Erwin Dweck: As a transactional lawyer, you need to be first and foremost an excellent lawyer. So that means excellent technically in the documents. But to really take that next step and not just be the guy sitting in the office working on documents, you need to be able to be a commercial adviser, a trusted adviser to your clients. They need to come to you and say, “Hey, do you know so-and-so? Can you connect me with that person?” or “How do you solve this tough issue?” The more experience you have and the more commercial-minded you can be, the more you can make transactions happen. But the first thing you need to be able to do is be completely technically excellent as an actual lawyer.
Victor M. Braca: Tell me about law school a bit. I think a lot of people like myself picture law school in terms of a huge grind, pulling all-nighters. Is that what it looked like for you?
Erwin Dweck: So, law school was super easy for me because when I was in college, I had to work four jobs to be able to pay my tuition. And when you get to law school, the first thing they tell you is you’re not allowed to work during your 1L year. So, I looked around and said, “I have four classes and I don’t have anything else to do.”
I knew to get a job I needed to work really, really hard my first semester, get the best grades I possibly could. So for me, I had a singular focus in law school. As I said, I didn’t get into Columbia.
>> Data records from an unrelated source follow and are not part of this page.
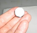 Into each dab of caulk place a magnet. I know it looks a little messy at this point, but trust me, push it down and wiggle it a bit so that the caulk comes up over the top of the sides a little – this will hold it really when when fully dried (or “cured” in caulking language.)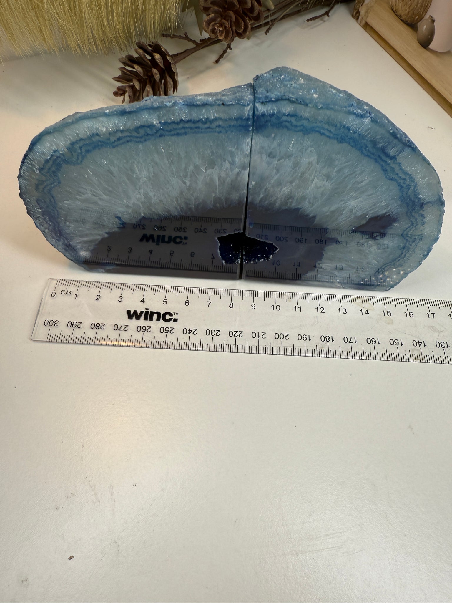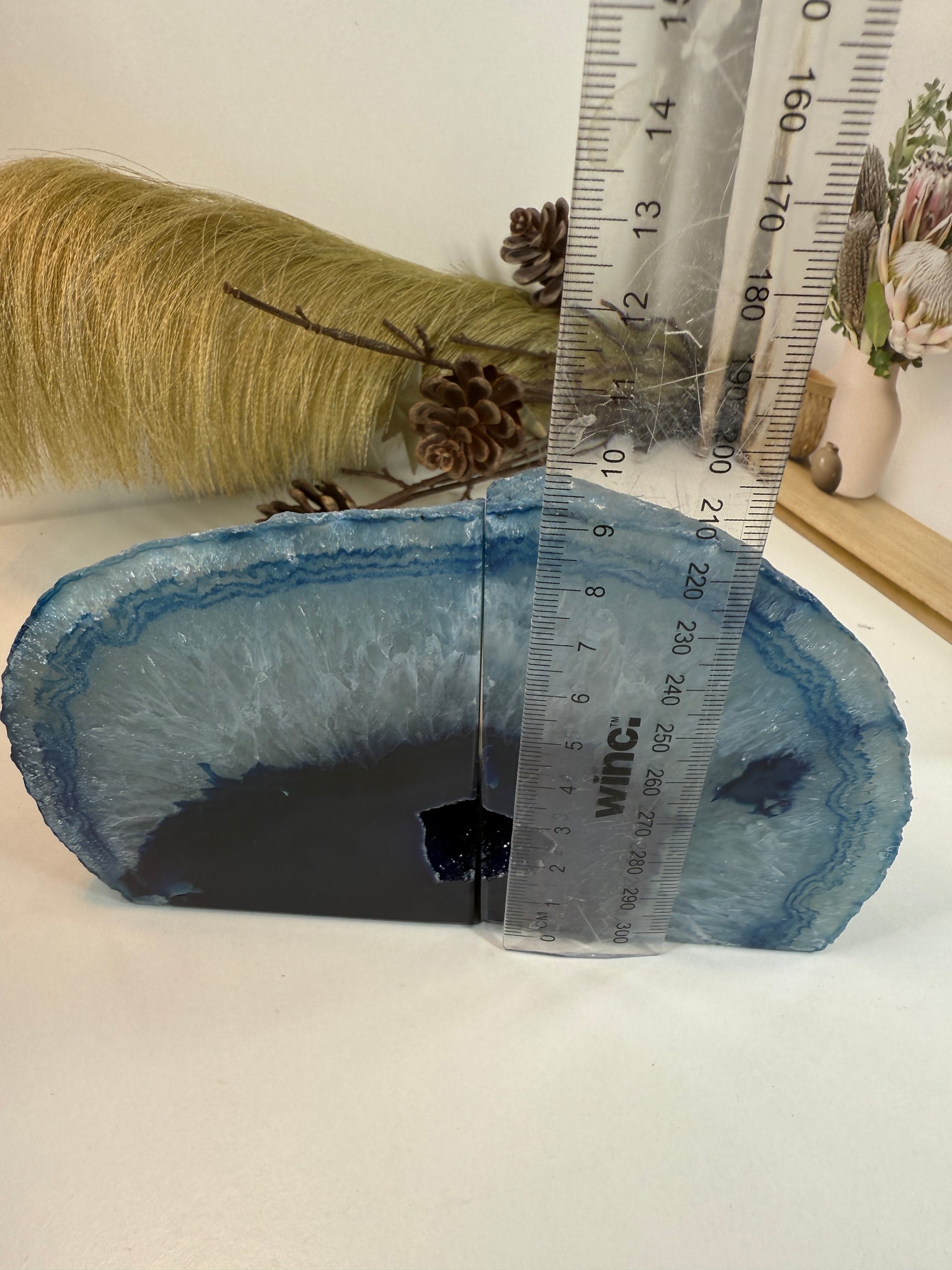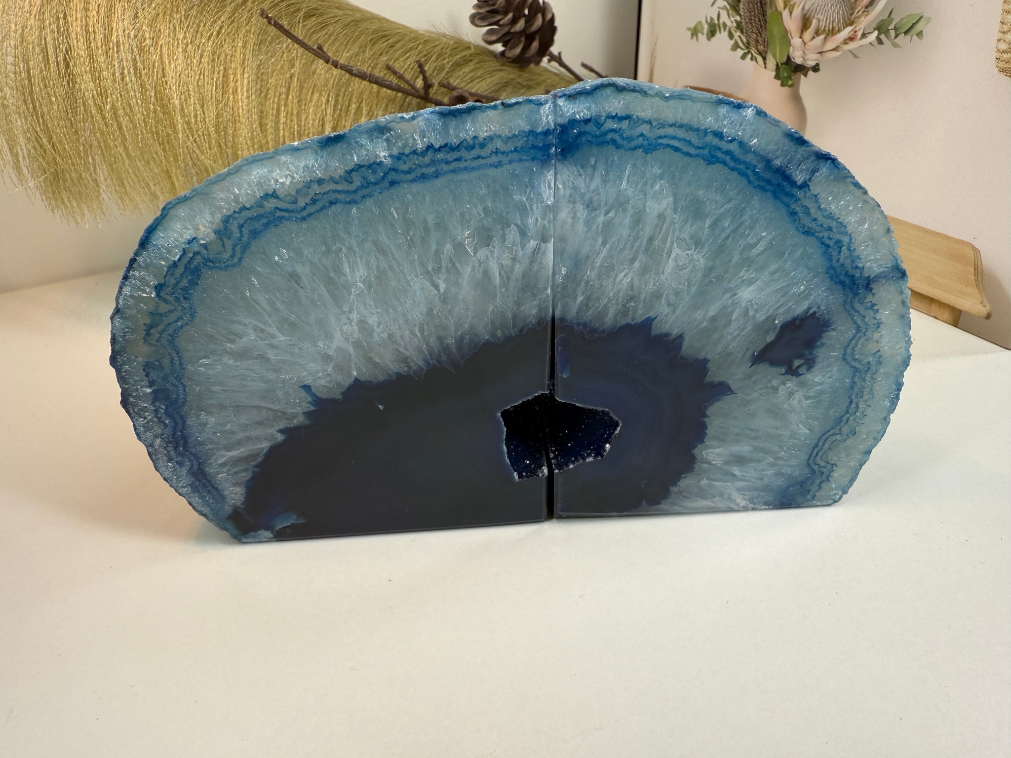 Polished blue Agate book ends. These book ends are a natural stone, cut in half, coloured and then polished to reveal naturally occurring patterned rings, geodes and crystals inside. These bookends are truly unique as they can be used in different directions (see photographs where it changes the look).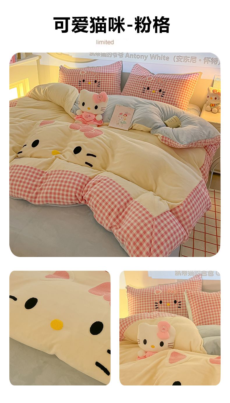 商品名称:子钦家纺 2025新款加厚牛奶绒可爱猫咪毛巾绣床单床笠四件套-可爱猫咪 可爱猫咪-咖格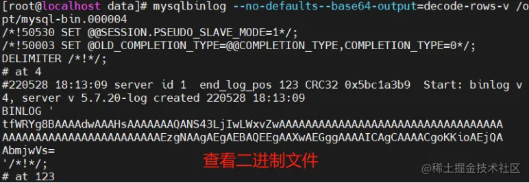 mysqlbinlog --no-defaults--base64-output=decode-rows-v /opt/mysql-bin.000004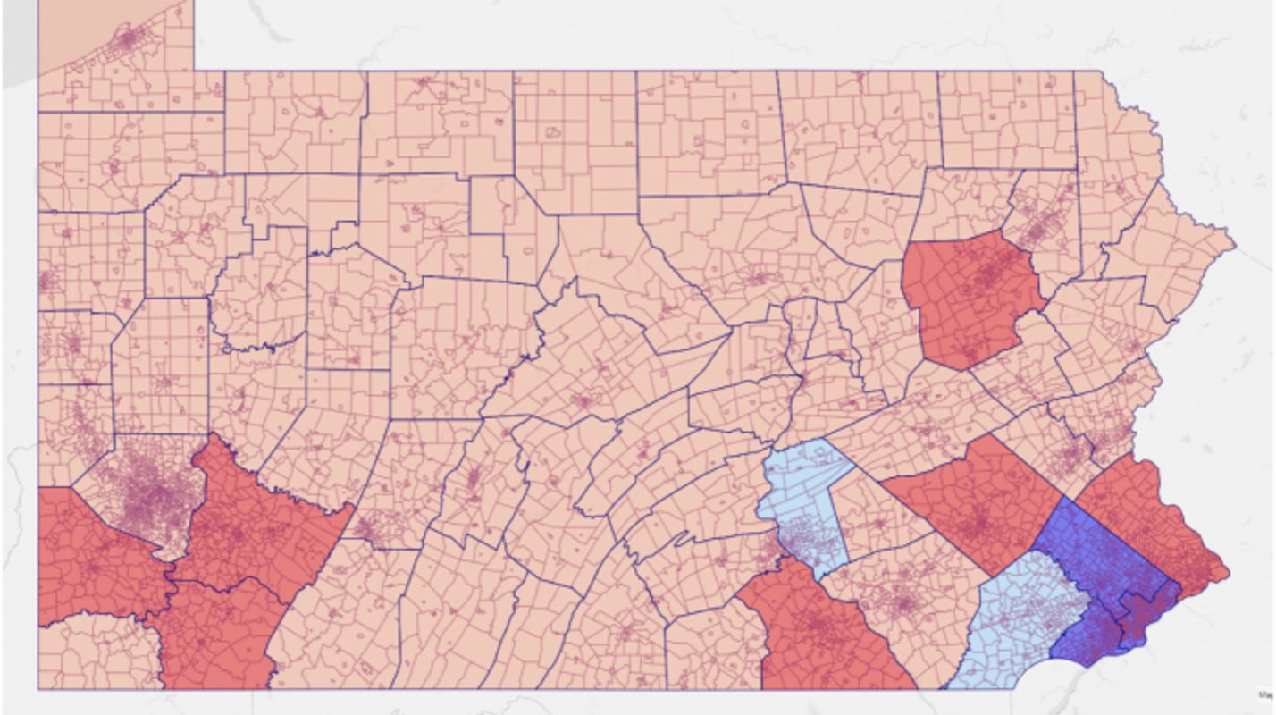 Los condados con más registro de votante republicano están en el suroeste (donde vive un tercio de toda la población del Estado) y noreste (donde Trump ganó abrumadoramente en 2016), además de las áreas urbanas de Pittsburgh y Filadelfia.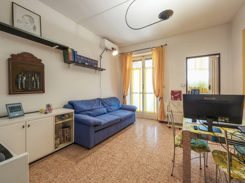 ingresso, soggiorno/pranzo, cucinotta e balcone verandato con affaccio sull'interno cortile, una camera da letto matrimoniale con balcone, un bagno, un ripostiglio ed una cantina al piano interrato.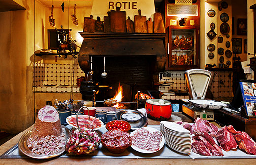 The first thing you will notice when entering La Tupina is the enormous hearth right next to the entrance, because it is large enough to walk right into it. Depending on the season, you may find a suckling pig or rack of lamb roasting on a spit there as if to inspire your menu choice. A huge wooden board in front of the hearth presents a buffet of diverse meats and sausage varieties along with brightly coloured regional produce. The scent emanating from this smorgasbord actually makes you want to stay and linger rather than taking your seat in the dining room.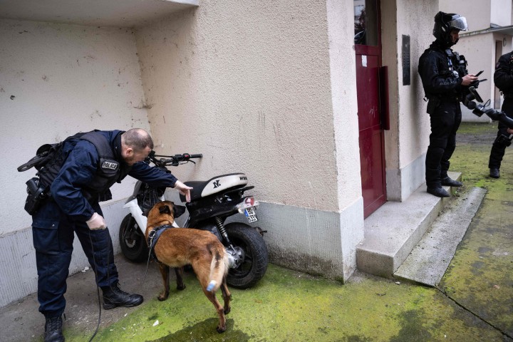 [탐지견으로 마약 수색중인 프랑스 경찰]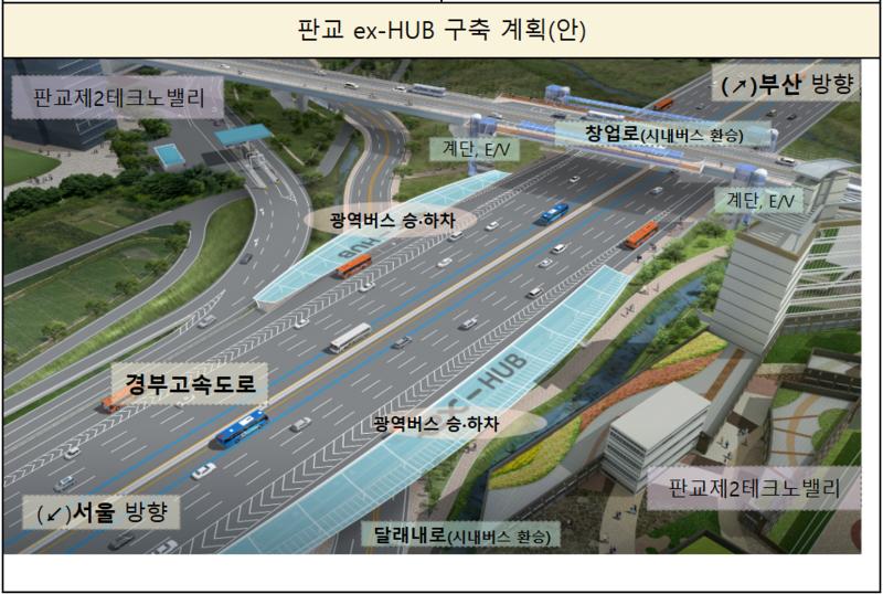 ‘ex-HUB’는 고속도로(expressway)와 교통의 중심지(HUB)를 결합한 개념으로, 고속도로 본선에 광역버스 정류장과 환승 공간, 승하차 지원시설(엘리베이터 등), 판교 제2테크노밸리와의 연결 보도 등을 설치하는 사업이다.

I didn’t get into NYU. It was a blessing to actually be in Philadelphia because I was away from the community. I was isolated in a lot of ways. And so that first year all I did was study and play basketball. That first year, the only focus was school. I had a singular focus on school for the first time in my life, which really allowed me to do great things academically my first year.
Victor M. Braca: And tell me a little bit about what it looked like for you after law school.
Erwin Dweck: The way law school worked back then is after your 1L year, you typically had an unpaid job. I got super lucky because it happened to be during the dot-com boom where there were a bunch of law firms that didn’t fill their summer associate classes. So I was one of about 10 students at Penn to actually get a full-paying job at a large law firm in New York called Proskauer Rose. Because I had that summer job at a top-30 firm, it became much easier to get a 2L job. That’s your normal path for big law. Your second summer after your second year in law school, you get a job that will ultimately be your permanent placement after you graduate. Working at Proskauer, I was able to use that as a stepping stone for my 2L summer which was at Simpson Thacher, which is a really large, great firm. I leveraged that for my first job after law school.
Victor M. Braca: And what did that look like for your first foray into big law?
Erwin Dweck: Amazingly, I started on September 4th, 2001. I literally started a week before 9/11. I lived together with Michael Rishty and his little brother Eddie, who was in NYU law school. We had just moved into an apartment. I don’t think we had cable yet. We certainly didn’t have internet. The first week was all training and then 9/11 happened. There was virtually no legal work to do for four to six months in the group that I was in. It was a long time. I actually started in what they called their credit group, which is general bank lending. Right after 9/11 there was no market for that type of lending and so I was able to very quickly pivot into their real estate group. That’s kind of where I landed.
Victor M. Braca: How long were you at Simpson for?
Erwin Dweck: I stayed at Simpson till Passover of 2006. I couldn’t ask for a better place to start your career. I did boatloads of Blackstone work. Blackstone Real Estate was still in its infant days—or I should say early days—but we were doing billion-dollar deals in the early 2000s. But I got to 2006 and I looked around and said, “I can stay here, plug in, and continue doing these same deals over and over again for the same client.” But I wanted to kind of build my own brand. I wanted to bring in my own clients.
So in 2006, I looked around for other opportunities. I met this guy who became my rabbi, Kevin O’Shea, who was working at a firm called Allen & Overy, which is one of the largest international firms. Kevin was the only partner in the group at the time. It was a very small group with massive upside, and I was going to be his number two at a relatively young age. Sometimes you get lucky, but I made that decision and from there Kevin and I built a massive practice together. We eventually made other partners with us and we moved in 2016 to Milbank. We brought the whole team over.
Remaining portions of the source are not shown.